Allegations of unfair competition in bidding for the Orange Line’s western expansion
As much as it wants to speed up the construction of mass transit systems in the city to alleviate traffic congestion, the government needs to clear allegations of unfair competition in bidding for the Orange Line’s western expansion.
The accusation came to light last month when the House sub-committee on large-scale infrastructure projects accused the Mass Rapid Transit Authority (MRTA), the state body which oversees the bidding for city mass transit projects, of encouraging unfair competition.
The Anti-Corruption Organization of Thailand (ACT), the anti-graft watchdog, is urging the government to look into the allegations. They said the unfair bidding could cost the government about 68 billion baht in losses. This city train has been delayed partly because the MRTA cancelled the first round of bidding when it decided to change the bidding conditions.
According to ACT, if the first round of bidding was not cancelled, the Bangkok Mass Transit System Plc (BTSC) would have won the concession. With this bidder, the government would have been required to pay 9.67 billion baht to subsidise the project.
The MRTA however, awarded the concession to Bangkok Expressway and Metro Plc (BEM) in the second bidding round. With BEM, the government will have to pay subsidies of up to 78.28 billion baht, or 68.6 billion baht more.
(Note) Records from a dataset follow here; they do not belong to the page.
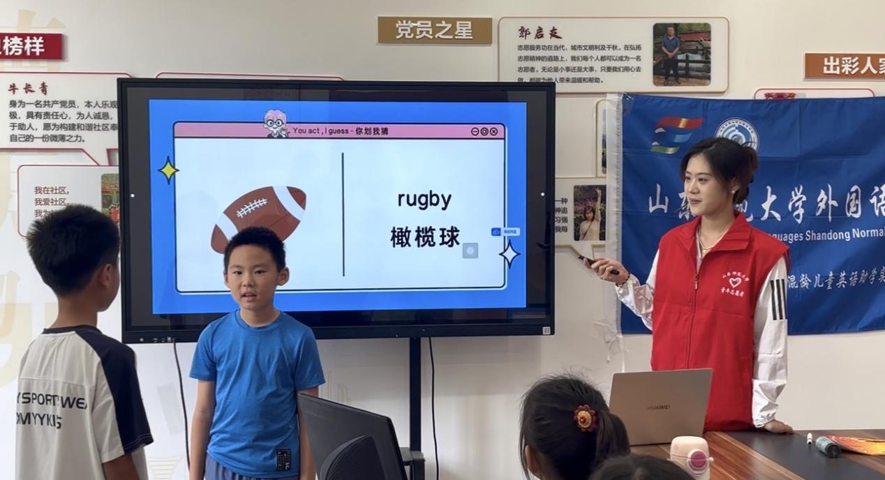 2025年7月10日至14日,山东师范大学“语行先锋”社区混龄儿童英语助学实践队走进济南市槐荫区金科城第二社区与历下区文恒社区,在学院团委书记、学工办主任唐琨及辅导员邱琳的指导下开展了一系列双语教学实践活动。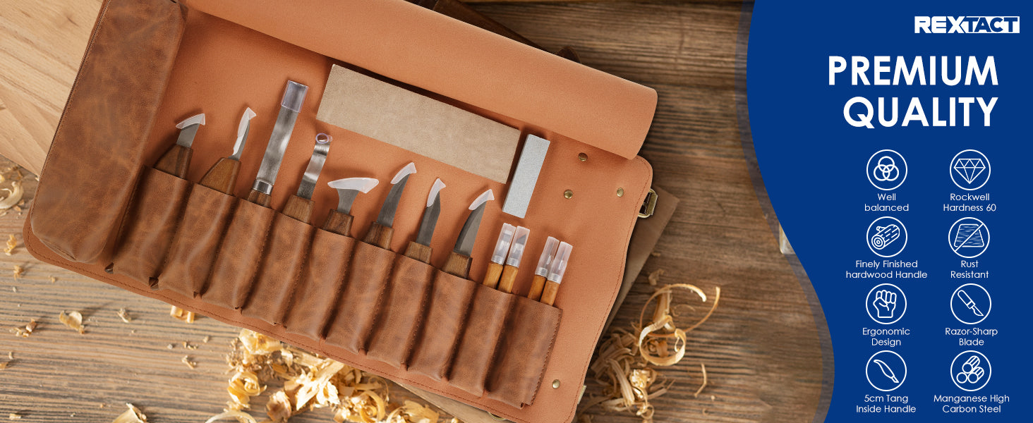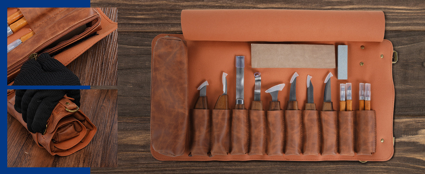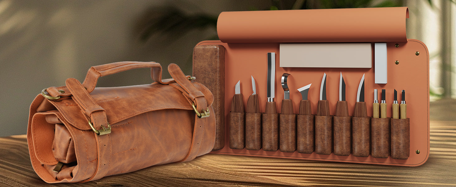 - 【Elegant Leather Roll with Blade Sheaths】 Keep your wood carving set organized in a sleek leather roll with custom-fitted sheaths for each wood carving knife. This wood carving kit ensures your tools are safely stored and easy to access, whether you're carving wood at home or outdoors, making sure your wood carving knives are always protected and ready for use.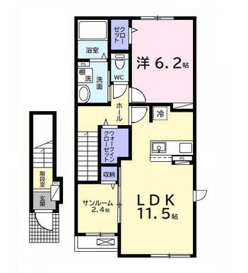 | 間取り | 1LDK(洋6.2・LDK11.5・2.4) | 主要採光面 | - |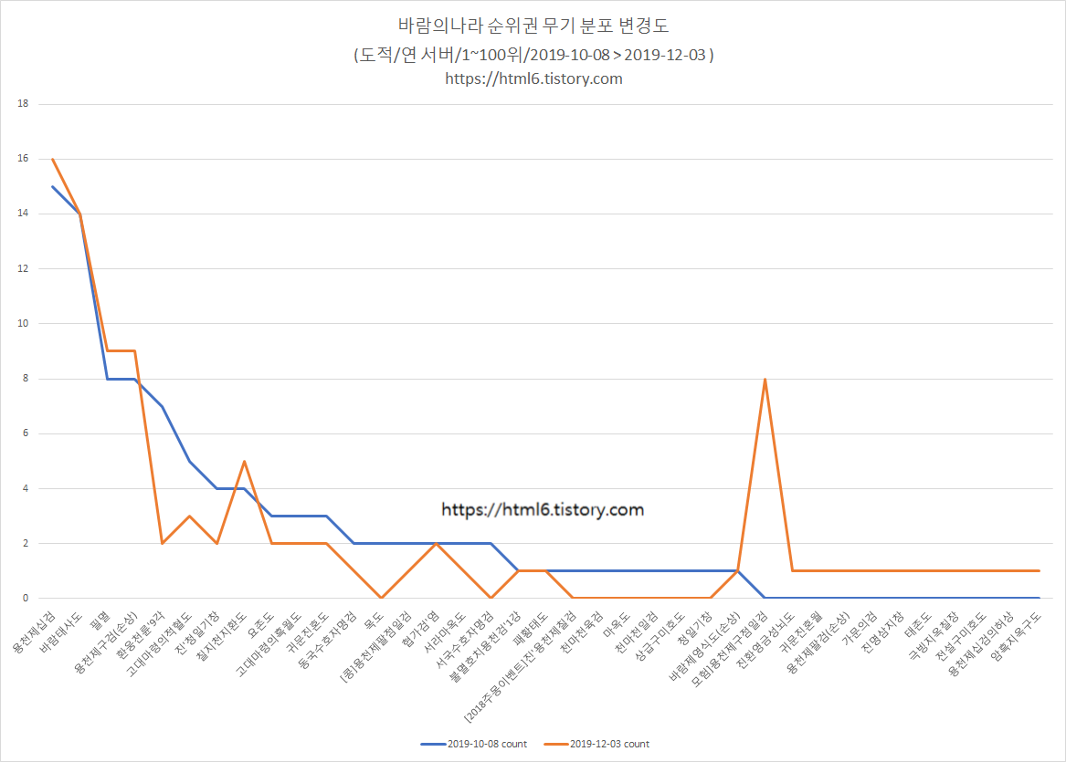 바람의나라 순위권 무기 분포 변경도 (도적/연 서버/1~100위/2019-10-08 > 2019-12-03 )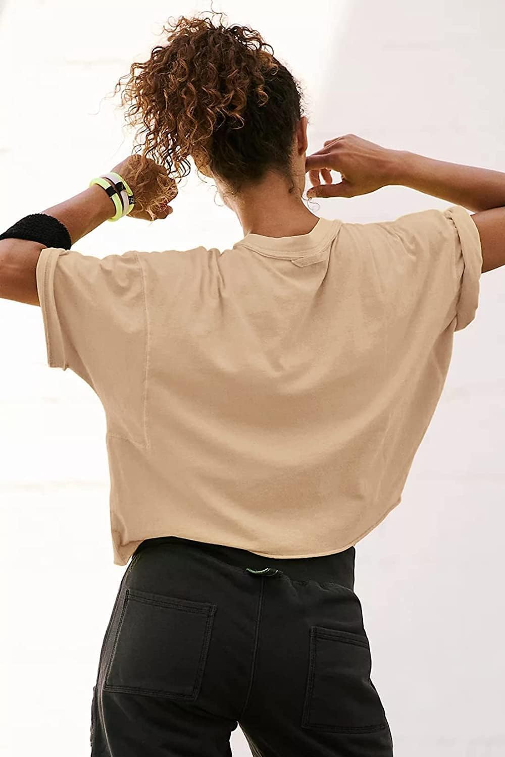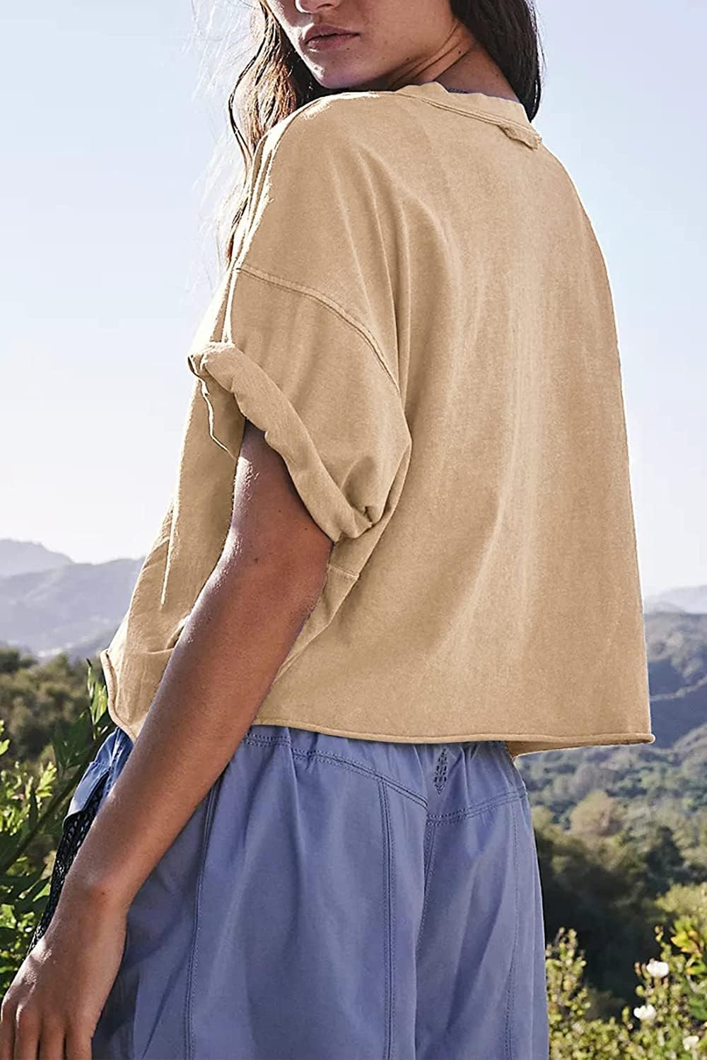 The roll hem and box fit give this workout t-shirt a stylish and trendy look while maintaining its practicality and versatility. Warm up or cool down with this essential tee,featured in an oversized boxy fit and cropped design with raw-edge seaming throughout for a lived-in look.Crop tops for women & Casual and cute shirtTees for women sporty & Relaxed fit cropped topsBasic crop top t-shirts & Workout athletic crop t-shirts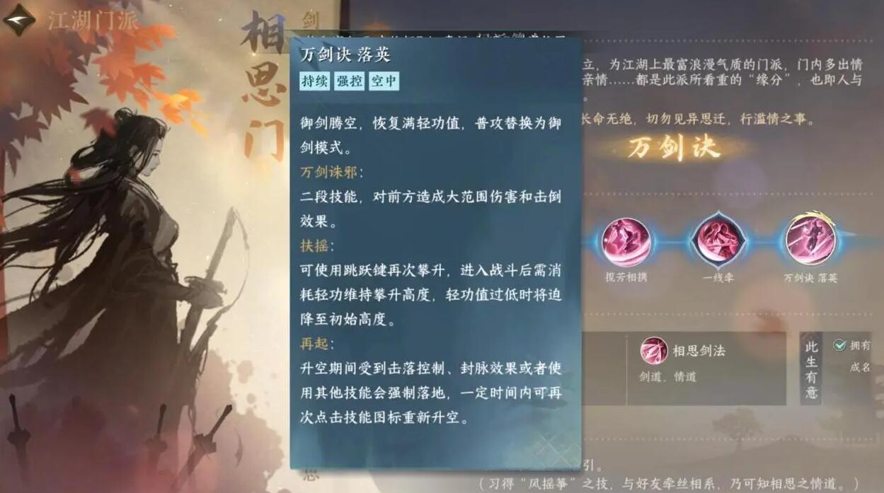 万剑诀是门派的镇派之宝,能够(gou)在释放该技能时施展出大范围性(xing)的伤害以及击倒效果。

MRTA launched the first bidding round in July 2021. BEM, BTSC and Sino-Thai Engineering and Construction plc submitted tenders for the western section. Whoever wins the Orange Line tender will reap significant benefits because the route will connect with the major rail network in the capital city.
The 120-billion-baht western section will run from Bang Khun Non in the Thon Buri area to the Thailand Cultural Centre station and link the eastern section, still under construction, to Min Buri.
Problems arose when the MRTA changed the bidding criteria by adding a technical score worth 30% to the requirements despite it having already sold the bid envelopes. The new criteria means the winner might no longer be the one who offers the lowest price.
The BTSC, which was thought to be the presumptive winner for offering the lowest quotation, petitioned the Central Administrative Court, saying the MRTA’s new bidding terms were unfair. The BTSC also asked the court to issue an injunction to suspend the bidding. The court rejected its petition.
The MRTA then cancelled the first bidding round and promptly held a new auction. In the second round, two investors submitted tenders. The first was BEM, and the second was the ITD Group, a joint venture between Italian-Thai Development Plc (ITD) and South Korea’s Incheon Transit Corporation.
BEM finally won the bidding with its offered price which requires a state subsidy of up to 78.28 billion baht while the ITD Group required a subsidy of as much as 102.63 billion baht.
The disparity in the subsidy money which the government has to pay as much as 68.6 billion baht raises questions about the MRTA’s decision-making process and transparency. Needless to say, MRTA owes the public an explanation.
People are fed up witnessing the government repeatedly using taxpayers’ money to cover hefty sums for such questionable bidding projects. The probe must include civic groups, such as consumer groups and academics, and a graft-busting group also must be allowed to participate in the scrutiny.